Ante a marcação do julgamento de Lula, pelo TRF4, para o dia 24 de janeiro, em Porto Alegre, em declaração contundente, José Dirceu de Oliveira e Silva, fundador do PT e ex-ministro do governo Lula, convoca a militância petista e o povo brasileiro para as ruas. 

A hora é de ação não de palavras, transformar a fúria e revolta, a indignação e mesmo o ódio em energia para a luta e para o combate. Todos a Porto Alegre dia 24, o Dia da Revolta. Criar, mobilizar um dois três… milhares de comitês em defesa de Lula. Denunciar, desmascarar e combater a fraude jurídica e o golpe político. Às ruas para ir às urnas e derrotar os inimigos da democracia, da soberania, do povo trabalhador e do ”.

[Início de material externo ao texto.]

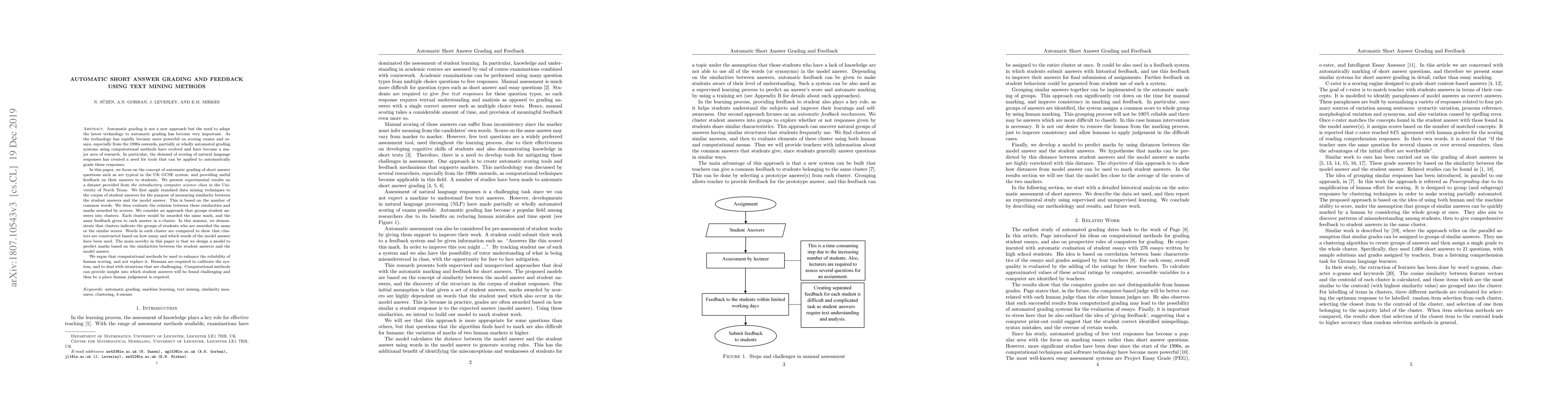 This paper explores automatic grading of short answer questions using text mining, focusing on the UK GCSE system. It proposes a method to cluster student answers based on word similarity to a model answer, demonstrating how clusters correlate with awarded marks and providing feedback to students.

Também condenado em Curitiba e Porto Alegre sem crime e sem provas, Zé Dirceu vem, há tempos, alertando a militância do PT e da esquerda brasileira, sobre a importância da mobilização do povo brasileiro em um grande movimento popular em defesa de Lula.

Com o chamado enfático de Zé Dirceu neste 13 de dezembro, exatamente um dia após a marcação do julgamento de Lula em Porto Alegre exatamente para a data em que se completa um ano da internação final de Marisa Letícia em decorrência de um AVC, a militância do Partido dos Trabalhadores, dos demais partidos e movimentos de esquerda, e da própria sociedade brasileira começam a se movimentar.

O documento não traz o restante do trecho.